--- Problem details ---
In the data below, find the line that contains "Kapolresta Denpasar, Komisaris" and the line that contains "The average handbag". Copy both, plus every line between them, exactly.

--- Input records ---
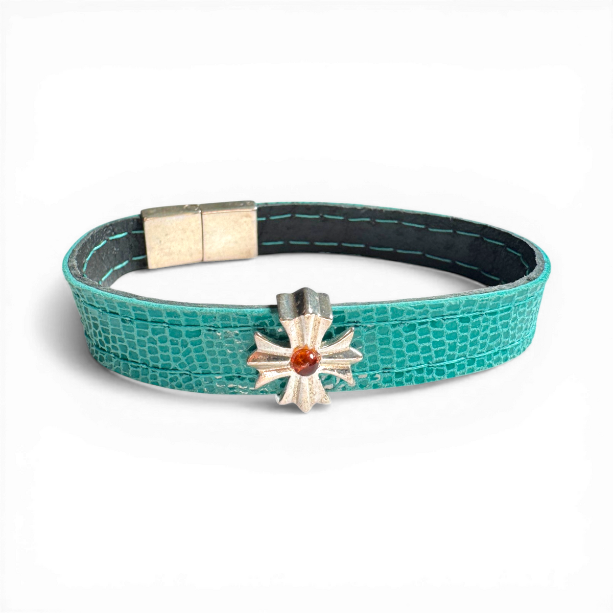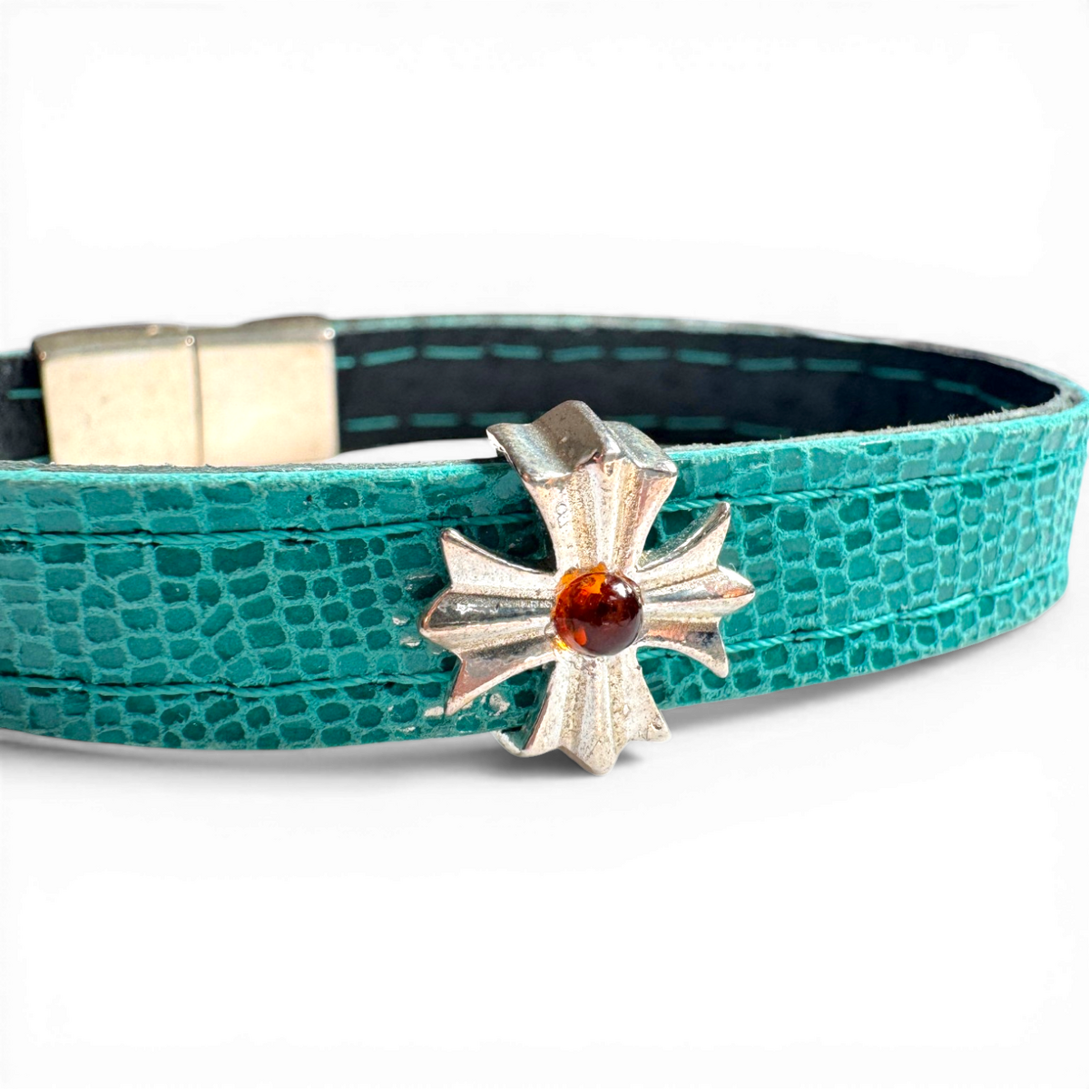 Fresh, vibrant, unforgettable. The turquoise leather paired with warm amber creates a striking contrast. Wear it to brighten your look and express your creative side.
...
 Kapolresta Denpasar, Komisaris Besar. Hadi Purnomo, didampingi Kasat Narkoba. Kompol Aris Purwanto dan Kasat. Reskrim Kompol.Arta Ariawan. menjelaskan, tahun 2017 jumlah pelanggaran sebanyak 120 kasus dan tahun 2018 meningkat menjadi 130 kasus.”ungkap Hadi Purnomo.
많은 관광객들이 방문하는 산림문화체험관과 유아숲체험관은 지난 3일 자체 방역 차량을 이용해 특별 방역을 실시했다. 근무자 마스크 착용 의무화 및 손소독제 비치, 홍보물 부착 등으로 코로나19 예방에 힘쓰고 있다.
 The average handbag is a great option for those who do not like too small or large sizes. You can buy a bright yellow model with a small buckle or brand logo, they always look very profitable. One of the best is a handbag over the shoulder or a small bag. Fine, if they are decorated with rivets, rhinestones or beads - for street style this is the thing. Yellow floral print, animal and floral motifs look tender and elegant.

--- Answer for the task ---
 Kapolresta Denpasar, Komisaris Besar. Hadi Purnomo, didampingi Kasat Narkoba. Kompol Aris Purwanto dan Kasat. Reskrim Kompol.Arta Ariawan. menjelaskan, tahun 2017 jumlah pelanggaran sebanyak 120 kasus dan tahun 2018 meningkat menjadi 130 kasus.”ungkap Hadi Purnomo.
많은 관광객들이 방문하는 산림문화체험관과 유아숲체험관은 지난 3일 자체 방역 차량을 이용해 특별 방역을 실시했다. 근무자 마스크 착용 의무화 및 손소독제 비치, 홍보물 부착 등으로 코로나19 예방에 힘쓰고 있다.
 The average handbag is a great option for those who do not like too small or large sizes. You can buy a bright yellow model with a small buckle or brand logo, they always look very profitable. One of the best is a handbag over the shoulder or a small bag. Fine, if they are decorated with rivets, rhinestones or beads - for street style this is the thing. Yellow floral print, animal and floral motifs look tender and elegant.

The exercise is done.